Ces exemples montrent que la phénoménologie décrite par la relativité générale n’est pas compatible avec le cadre simple que lui confèrerait une description de l’univers par 3 dimensions d’espace et une de temps, par nature, puisqu’en relativité le temps et l’espace ne sont pas physiques, ils ne sont que des ombres de l’espace-temps, comme cela est exposé dans l’allégorie de la caverne de Platon.

La deuxième critique concerne l’approche anthropomorphique.

Cette critique a un caractère plus général, il est certain que nous cherchons à déterminer si d’autres conditions pourraient donner les mêmes phénomènes que ceux qu’on observe. Si le principe anthropique faible nous conforte sur l’existence de conditions, (en précisant des limites), permettant d’aboutir à ce qu’on observe, ce qui est un truisme, il ne dit rien sur des possibilités qui seraient très différentes mais qui structurellement pourrait donner quelque chose du même type, de manière plus ou moins évoluée, et encore moins sur quelque chose qu’on n’est même pas capable de concevoir.

L’univers et son existence, comme la nôtre, est un sujet où bien des mystères demeurent.


[1] Dans certaines théories, il existe des « branes » qui ont des dimensions inférieures à celle de l’espace les contenant. Ici espace est pris au sens général pouvant contenir des dimensions de type temps. N’oublions pas les dimensions de type nul.

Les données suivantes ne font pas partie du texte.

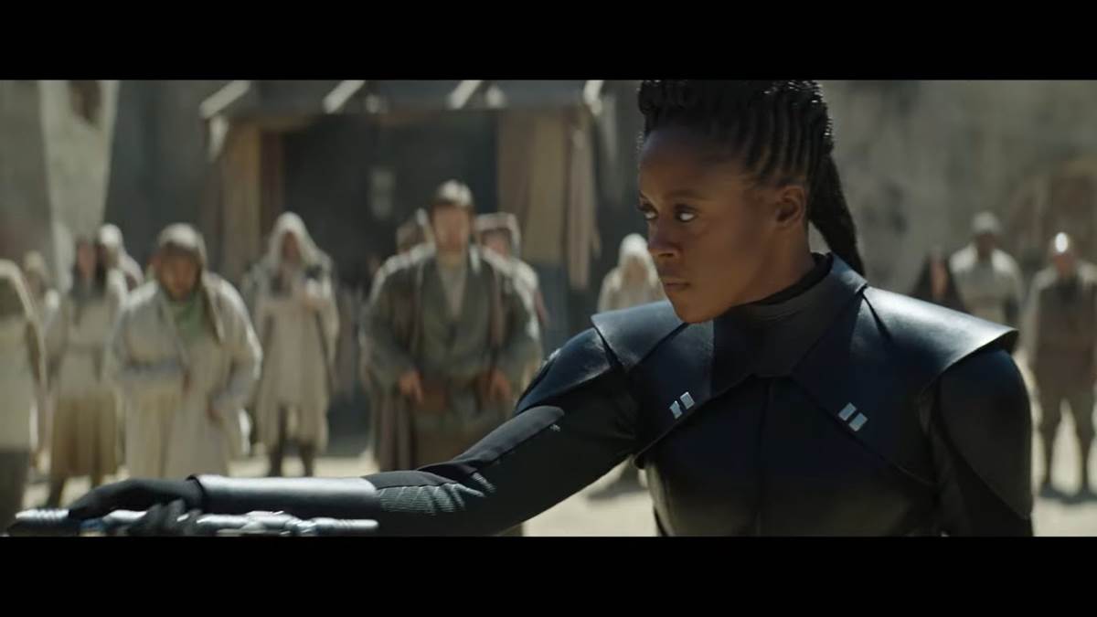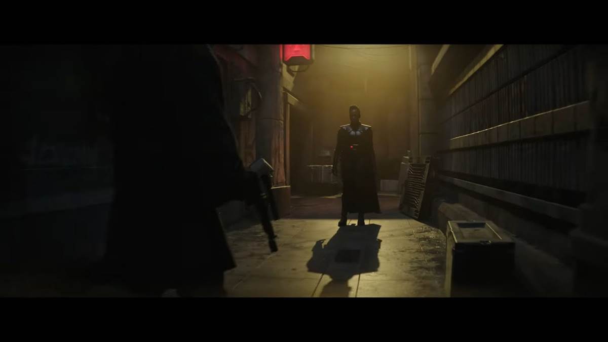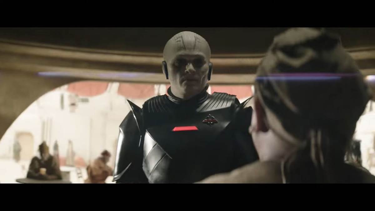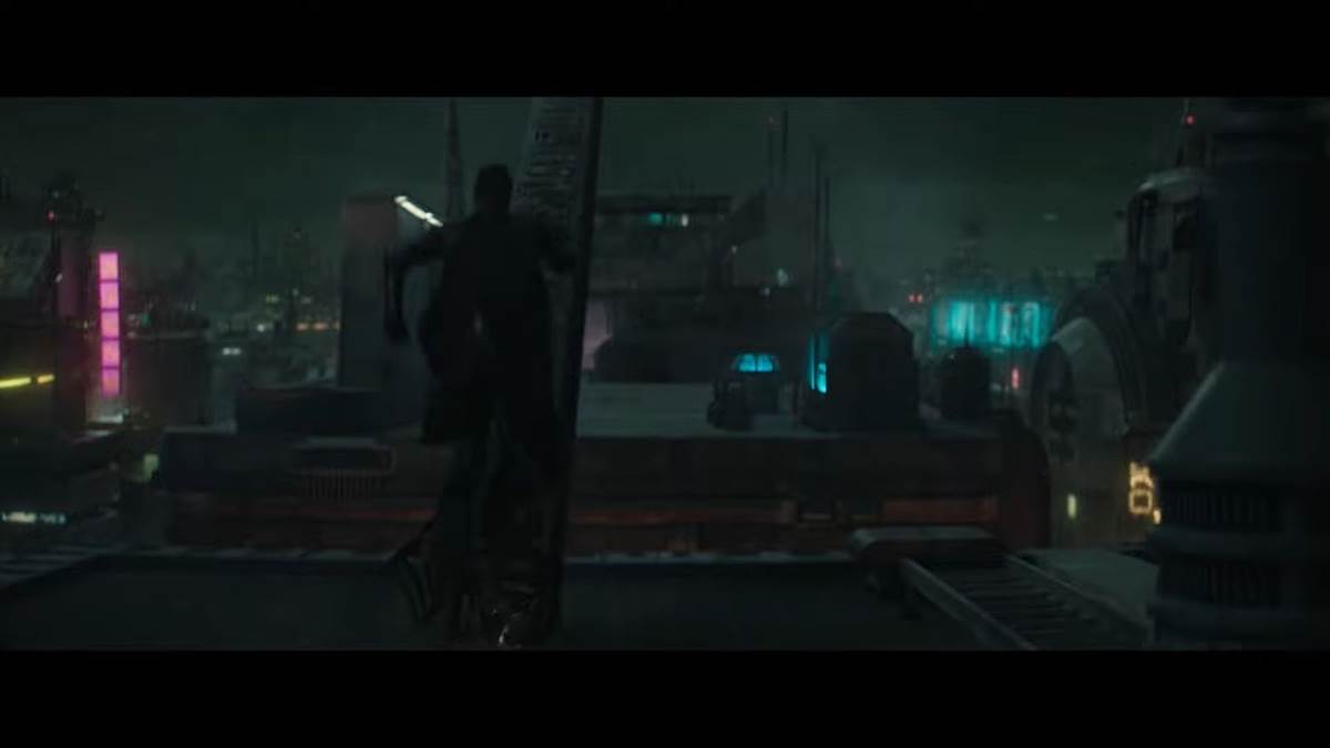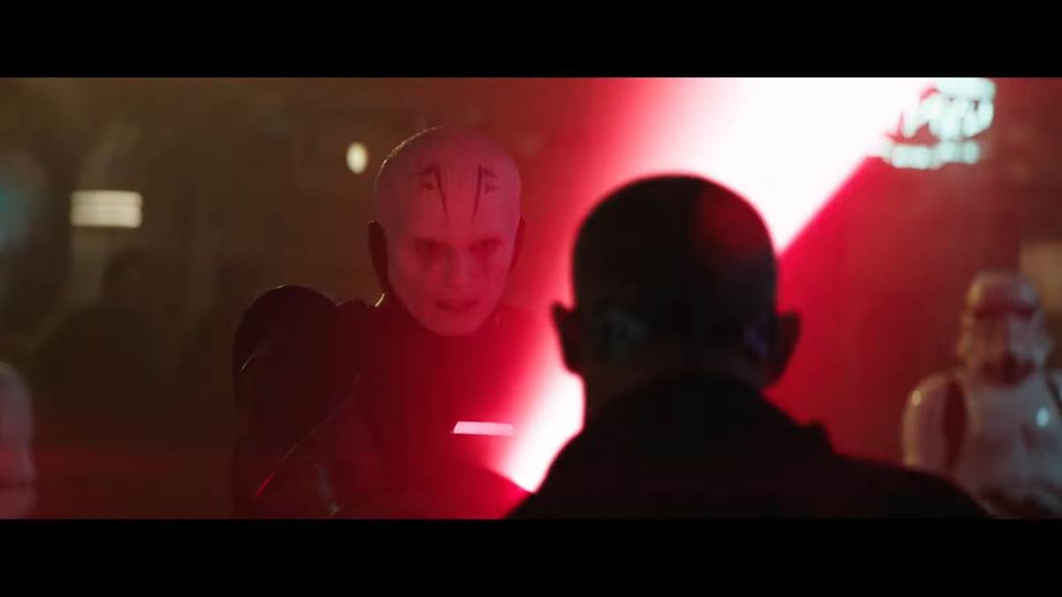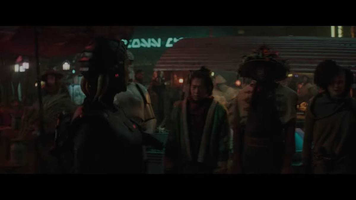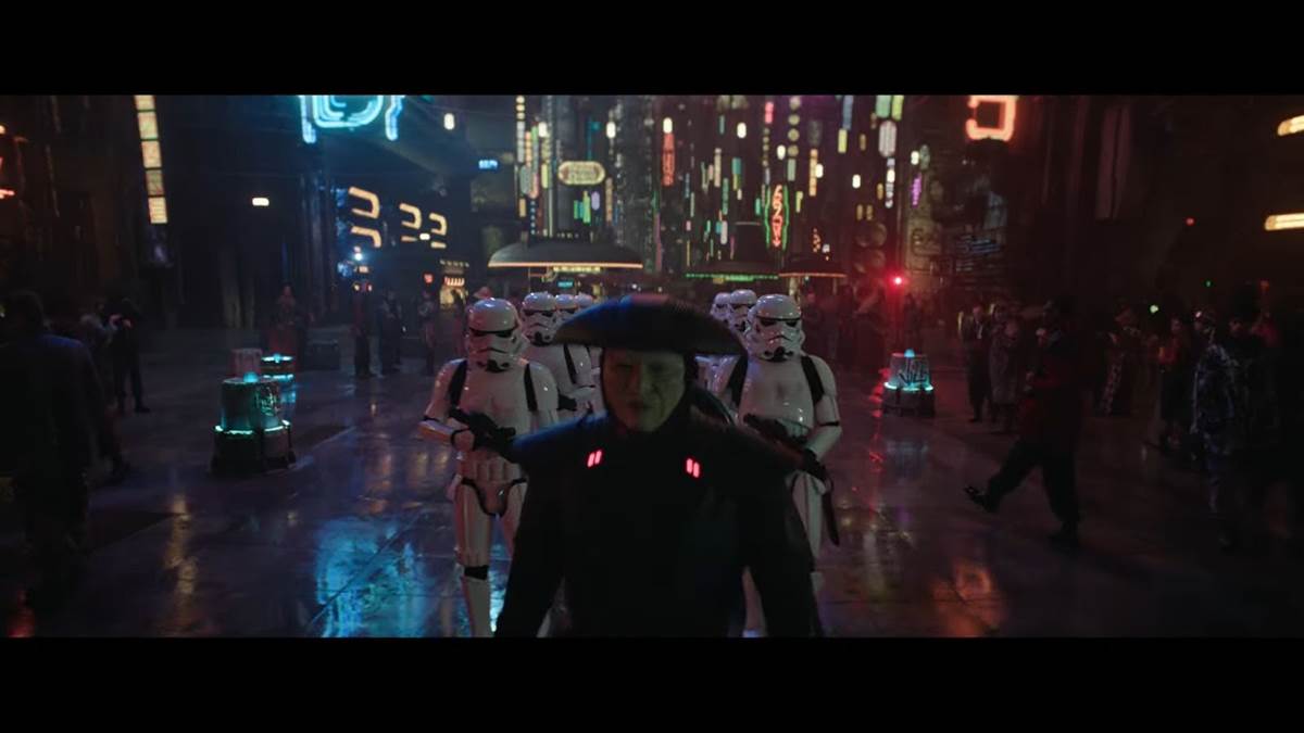 Shot 18: Reva crouches on a rooftop on the bustling planet of Daiyu (as revealed in today’s Entertainment Weekly article about Star Wars: Obi-Wan Kenobi). The Aurebesh in the neon lights here reads “ER.”
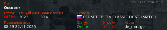 Последний раз был в сети 08:59 22.11.2025 Игрок с таким ником замечен на 11 серверах
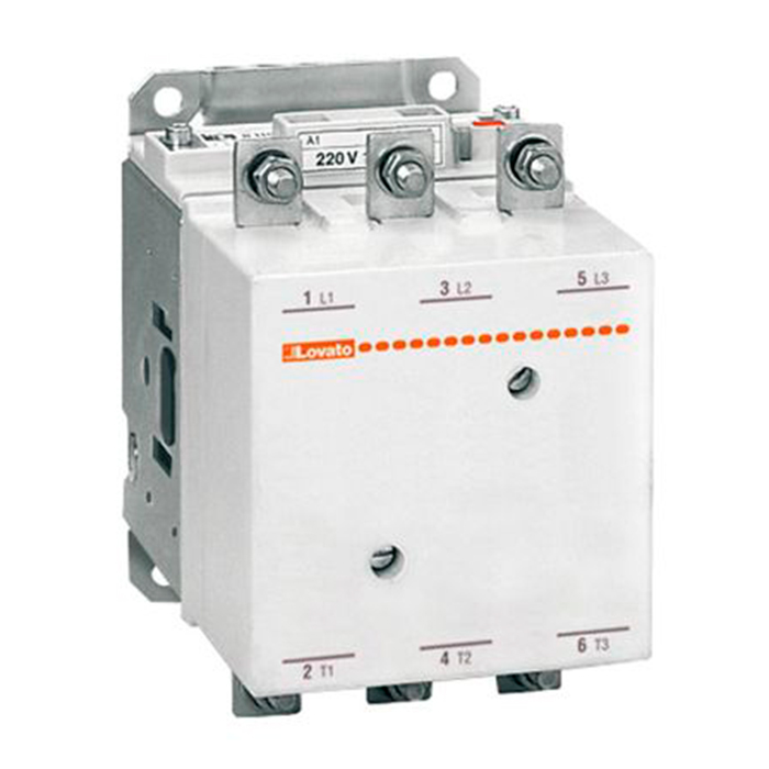 Трехполюсный контактор для управления двигателем, индуктивными нагрузками (AC-3), 265А / 140,0кВт (400В), доп. контакты - отсутствуют, управляющее напряжение 110-125В (АС/DC), категория применения АС-3. Контактные зажимы – болтовое соединение. Производитель - Lovato Electric, серия B.
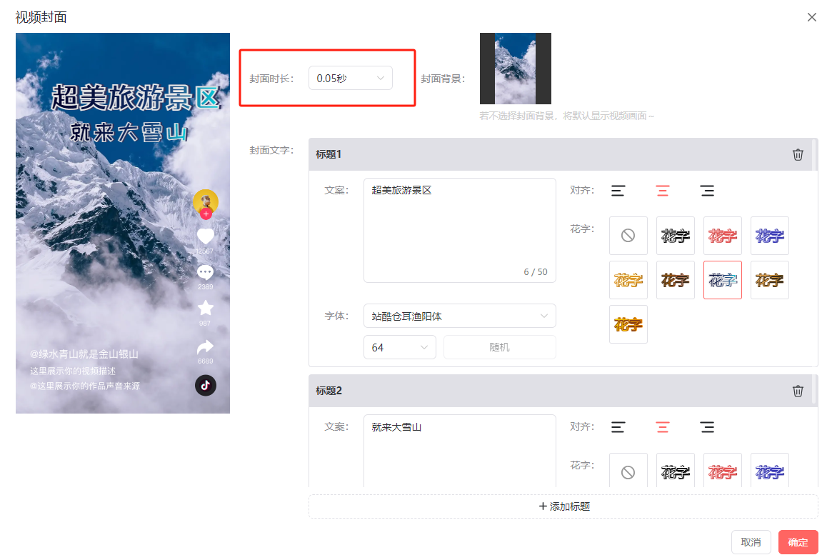 可以自定义多张封面图,系统将给视频随机匹配任意一张封面图。视频封面还可以进行【封面时长】、【封面背景】上传、【封面文字】等多样式设计。

[2] Si on ne conçoit pas très bien ce que pourrait être une hyper-masse en mécanique newtonienne, cela ne pose pas de problème en relativité : The tenseur énergie -impulsion Tμν serait défini pour μ, ν variant de 0 à 4.

[3] On trouve une description détaillée en : http://www.astromontgeron.fr/SR-Penrose.pdf

[4] Une solution analytique rigoureuse a été trouvée par Kerr en 1963 au problème des trous noirs en rotation, bien après la solution de Schwarzschild pour les trous noirs statiques qui date de1916. Soulignons que le problème paraissait pourtant simple puisqu’un trou noir en rotation est totalement défini par 2 paramètres : sa masse M et son moment angulaire J. Si le trou noir est chargé (ce qui est peu probable en cosmologie) il faut ajouter un troisième paramètre : la charge électrique E. Dans ce cas le trou noir possède aussi un moment magnétique.

[5] Global Structure of the Kerr family of gravitationnal fields.. Brandon. Carte,r.Phys. Rev. Vol. 174. Number 5,25 october 1968. Une traduction libre en français est disponible en : http://www.astromontgeron.fr/A_Carter-68-F.pdf

[6] Voir une analyse détaillée dans : http://www.astromontgeron.fr/Trous-noirs-de-Kerr-M2-JF.pdf

[7] C’est la définition rigoureuse de la théorie de la relativité générale qui ne traite que de la gravitation. Mais, rien n’interdit de considérer l’autre hypothèse.